“Sometimes it’s frustrating because I feel I’m not accomplishing enough.”
Khalid Albaih is the closest thing the world has to a real-life Clark Kent. By day, he works in Doha at the Qatar Museum Authority. By night, he’s a political cartoonist for uprisings and revolutions, his images whizzing around the world like Superman at breakneck speed.
Like his art, Khalid is the product of a tumultuous, connected world. He was born in Romania but moved to Qatar as a Sudanese political refugee- an upbringing, he jokes, that “no immigration officer ever believes”.
As a young teenager, Khalid would pore over cartoons from Sabah al-Kheir, an Egyptian magazine his exiled diplomat father often brought home.
“Even though (the cartoonists) were censored and under so much pressure, they were criticising the government, they were criticizing society,” he recalled. “For me, that brought everything together. That brought (together) what I loved– comic books, art, and politics.”
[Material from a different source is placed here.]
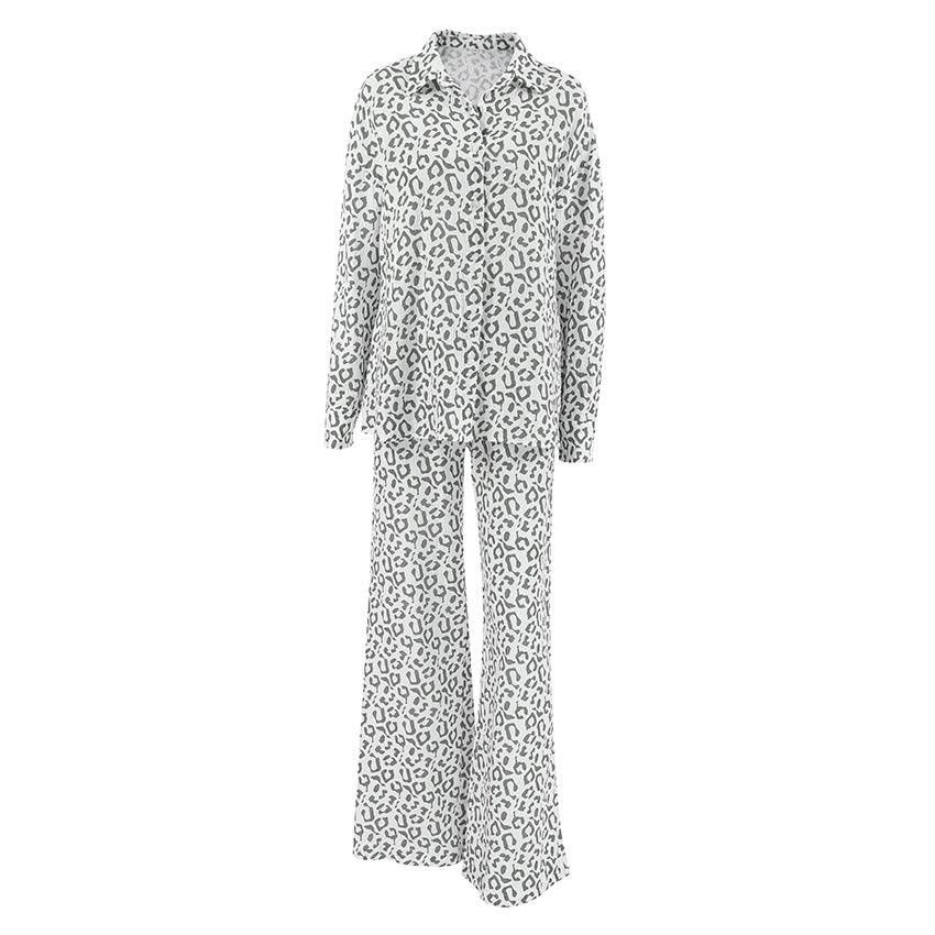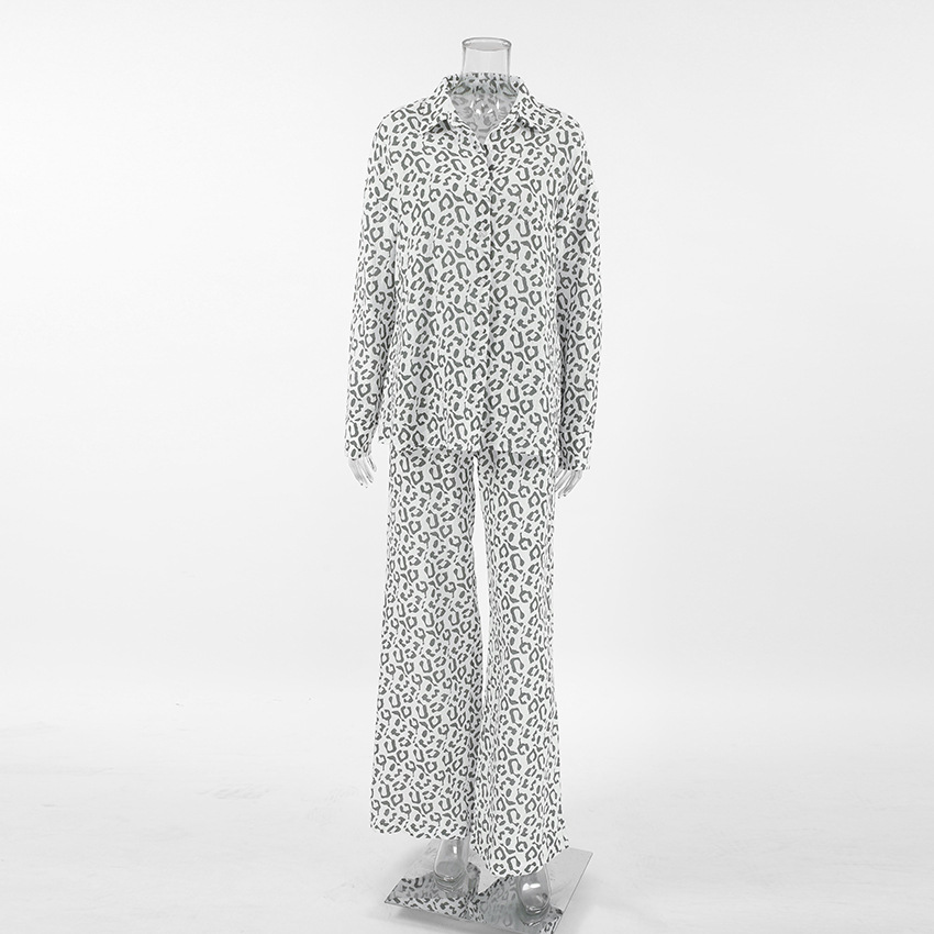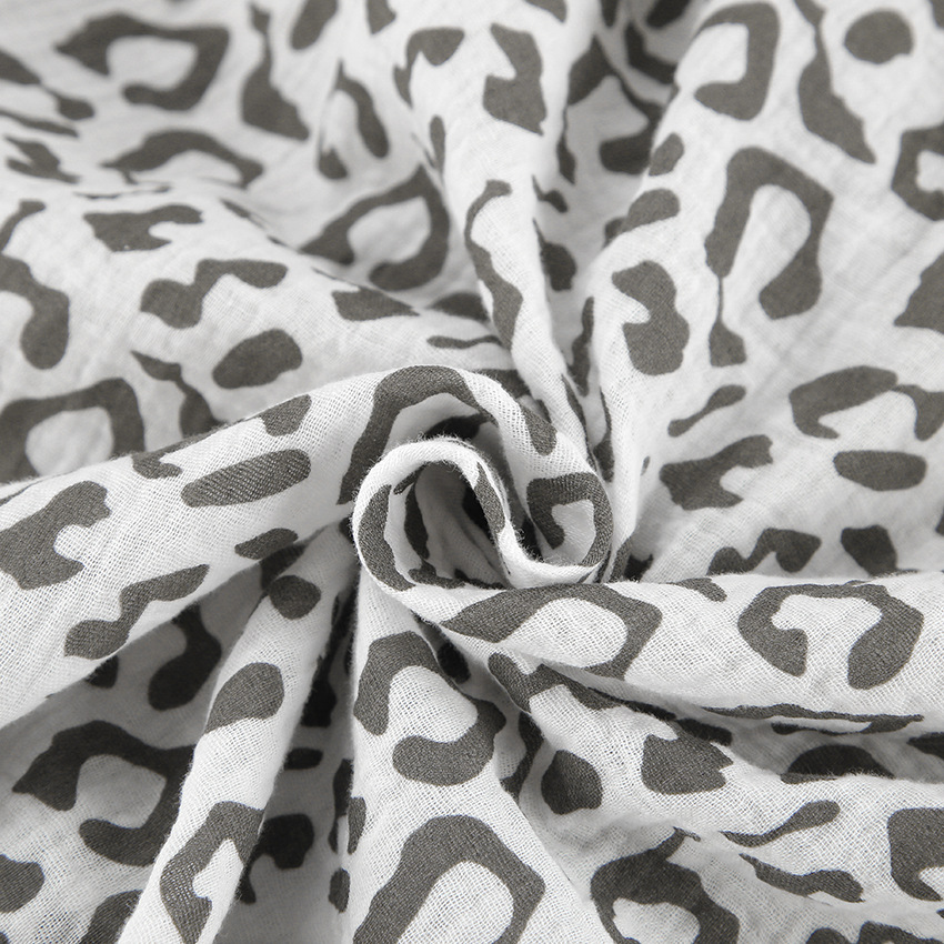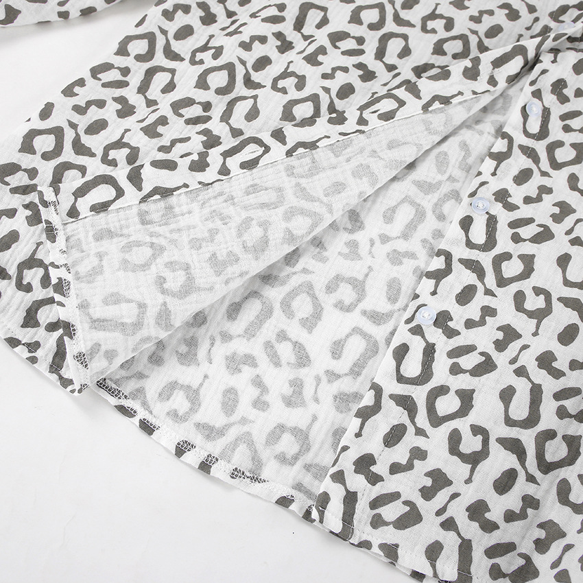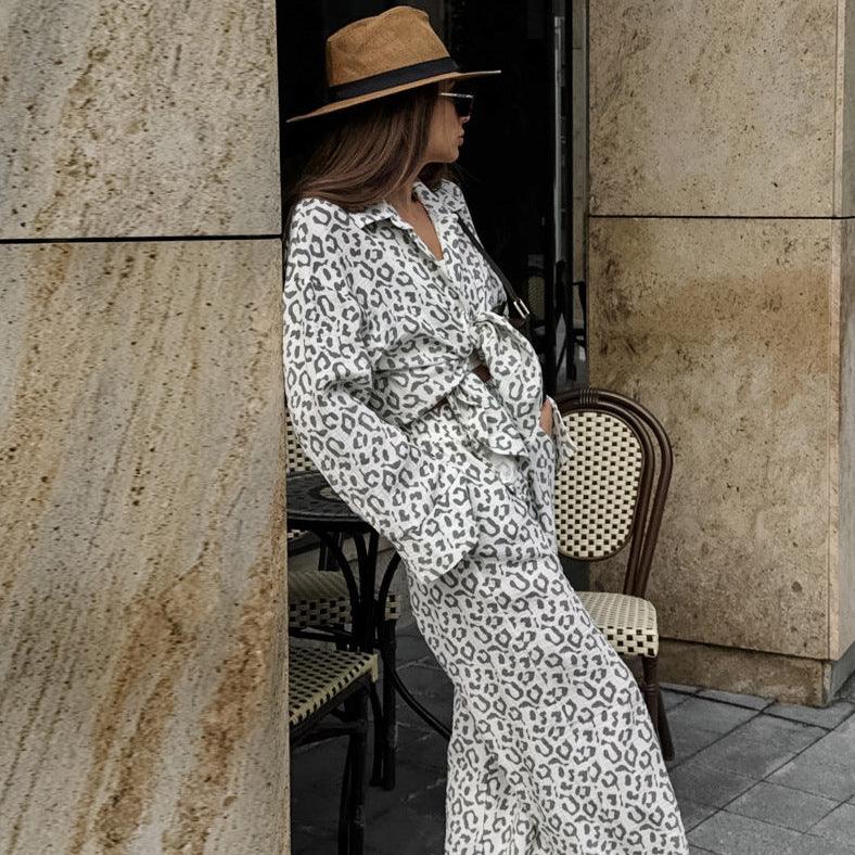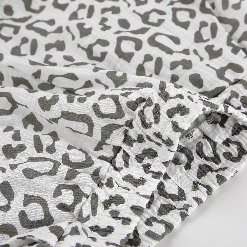 Cotton Linen Crepe Leopard Print High Waist Casual Two Piece Set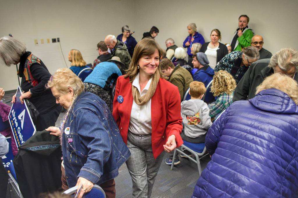 Alyse Galvin, Alaska’s independent candidate for U.S. House of Representatives, holds a town hall-style meeting to an overflowing room at Centennial Hall on Sunday, Oct. 21, 2018. (Michael Penn | Juneau Empire)

When the Arab Spring kicked off five years ago, Khalid was in his late-twenties. He started creating a cartoon a day, uploading it to social media for the world to access for free. He hasn’t stopped drawing a cartoon every single day since.
“It’s not easy,” he said. “I really don’t sleep. Sometimes it’s frustrating because I feel I’m not accomplishing enough.”
Khalid may not feel it, but the incredible outreach and impact of his artwork paints a different picture. His images, which often go viral within hours of being uploaded to his Facebook page, are used by revolutionary groups and graffiti artists across the Middle East, his native Sudan and around the world.
“The internet is my only escape. This is where I have the freedom to say what I want, but it (also) became a burden because people expect a lot of things from me.”
When major events unfold, Khalid has his pen in hand, ready to provide startling but crystal clear commentary on the political forces at work.
“A lot (of my art) surprises me by going viral,” added Khalid. “The Charlie Hebdo one was definitely one of those because it got shared a lot, mostly by non-Arabs and non-Muslims. I was very proud of that, and I was very proud of the world actually.”
“The security officers (in Egypt) were asking me if I’m going to draw. For me it was like, wow, they’re really scared of this?”
This week, Khalid launched a new exhibition titled @LAS (read: ‘Atlas’) at the VCUQatar Gallery in Doha. It brings together some of his most seminal cartoons, as well as new pieces that reflect Albaih’s relationship to the internet and his online audiences. Among them, is his first ever sculpture, depicting Atlas, the god that carries the world on his shoulders. Albaih’s version shows a man bending over under the weight of an ‘@’ sign.
“Now the world is the internet,” said Khalid. “I think that (sculpture) represents me because the internet is my only escape. This is where I have the freedom to say what I want and engage with people in conversation. It was where everything started, but it (also) became a burden because a lot of people expect a lot of things from me.”
His artwork has gotten Khalid into trouble with various authorities around the world – it’s an occupational hazard, he said, that doesn’t bother him much anymore.
“When I went to Egypt and I got arrested at the airport, the experience was just hilarious,” he explained. “The security officers were asking me if I’m going to draw. For me it was like, wow, they’re really scared of this?”
Instead of getting hung up on vague censorship laws and the possibility of being punished for his politics, Khalid focuses all his attention on conveying a clear message with each cartoon. While his work is considered controversial in certain parts of the world, he says the intention is never to provoke shock.
“When I tell a message, I need to tell it very clearly, and without people diverting the conversation to something else,” he explained.
“The minute I shock them, I’m doing exactly the opposite of what I’m supposed to do. If people are shocked, they won’t listen to my message.”
It’s a feat he admits is particularly difficult, given that he lives in a “part of the world (where) people get upset about anything”. The frustration behind his work is the main inspiration for a animated video, called ‘Trapped’ currently on exhibition at the VCUQatar Gallery.
“The video is about this man trapped in a box, but it’s really an elastic box,” said Khalid. “The borders stretch with you. Even if you’re trapped in a box, you just try to work and keep doing it. The frustration is tiring, and this video is about that. It’s not only me, but generations of people that are trying to break out of this box.”
“There’s always the question, what am I doing this for? I’m doing this for my kids. It’s definitely worth it, definitely worth it.”
Despite the pressure, dangers and frustrations, Khalid doesn’t plan to stop creating cartoons in the near-future. The pros, he says, far outweigh the risks.
“There’s always the question, what am I doing this for? I’m doing this for my kids. I want them to be safe at home and to be able to say whatever they want. It’s definitely worth it, definitely worth it.”